The research by Peter Grund, assistant professor of English, and his
collaborators will eventually result in a database available to the public for
free via the Web and a scholarly volume on the Salem documents and their
implications for manuscript culture and writing literacy in colonial New
England.
The team’s preliminary research will be funded by the Hall Center for the
Humanities 2011 Collaborative Research Seed Grant. Grund’s partners are Margo
Burns, a database specialist and digital editor based in New Hampshire, and
Matti Peikola, the Academy of Finland Research Fellow in English at the
University of Turku.
The researchers hope to learn about who these scribes were and to expand
understanding of literacy in early New England. The research team’s primary goal
is to compile an inventory of people involved in recording the documents.
Initial research by the group has already tentatively identified about 40
percent of the approximately 250 trial scribes by name.
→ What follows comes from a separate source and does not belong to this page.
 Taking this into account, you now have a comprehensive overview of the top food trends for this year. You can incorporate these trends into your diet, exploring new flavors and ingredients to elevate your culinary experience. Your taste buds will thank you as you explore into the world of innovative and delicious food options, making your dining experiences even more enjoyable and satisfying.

To achieve this, researchers analyze letter-forms, marks of punctuation,
abbreviations and spelling patterns, which all offer clues about the people
behind the recordings, including their sex, age, social status, possible
geographic origin and occupation. Combined with additional archival research,
the handwriting analysis allows them to link the otherwise anonymous trial
documents to public records of named individuals.
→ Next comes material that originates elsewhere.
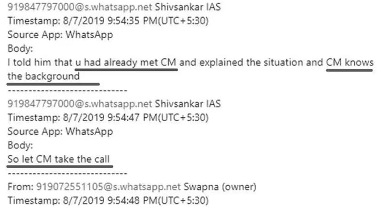 ஸ்வப்னா, முதல்வர் பினராயி விஜயன் மற்றும் முன்னாள் முதன்மை செயலாளர் எம். சிவசங்கருக்கு இடையிளான உரையாடல் வெளியாகி இருக்கிறது. தற்போது, சிவசங்கர் லைஃப் மிஷன் மோசடி வழக்கில் கைது செய்யப்பட்டு அமலாக்கத்துறை பாதுகாப்பில் சிறையில் இருக்கிறார். இவர்களது உடையாடலின் முக்கிய பரிமாற்றங்களை இங்கே காணலாம்.

“One of the tantalizing questions that we hope this research will elucidate is
whether women were involved in recording Salem documents, and if so, what are
the implications for our understanding of the trials and women’s literacy more
generally,” said Grund.
Their research will break new ground by offering a unique snapshot of networks
of mostly unprofessional writers of legal documents operating in a
chronologically and geographically confined community, allowing Grund and his
associates to assess how writing skills were transmitted in early New England
and how writing operated as a commodity to sell and hire.
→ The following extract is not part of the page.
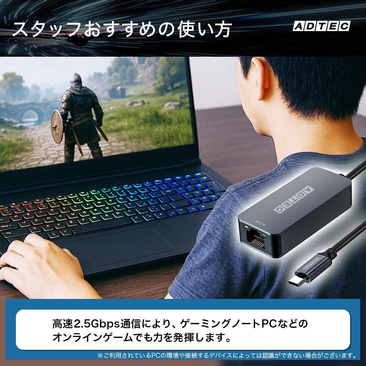 「このアダプタは、最大2.5Gbpsの高速データ転送が可能です。動画ストリーミングやオンラインゲーム、ファイル共有など、高速かつ安定したネットワーク環境が必要なシーンでもストレスフリーでお使いいただけます!」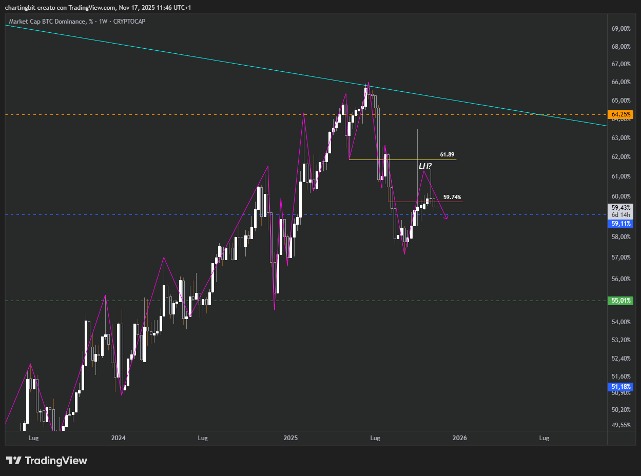 Detto questo, sia perché reputo altamente probabile un dead cat bounce, sia perché non posso dare per certo che Bitcoin non invalidi il neo bear trend, e sia perché la BTC.D in questi giorni ha continuato a calare portandosi sempre più vicina al mio livello decisivo del 59.11%; non è ancora detta l’ultima parola, almeno per quanto riguarda il mini rally discusso la scorsa settimana.

“Professor Grund’s project is exactly what we hoped would come of this new
collaborative seed grant,” said Hall Center Director Victor Bailey. “He and his
collaborators will employ their different research skills to tackle questions
concerning literacy and writing in colonial America that no single researcher
could accomplish.”
The Collaborative Research Seed Grant supports the early stages of projects that
capitalize on multiple forms of expertise to tackle the most methodologically
and theoretically challenging questions faced by humanities scholars. KU’s
Center for Research provides funding for the seed grant program.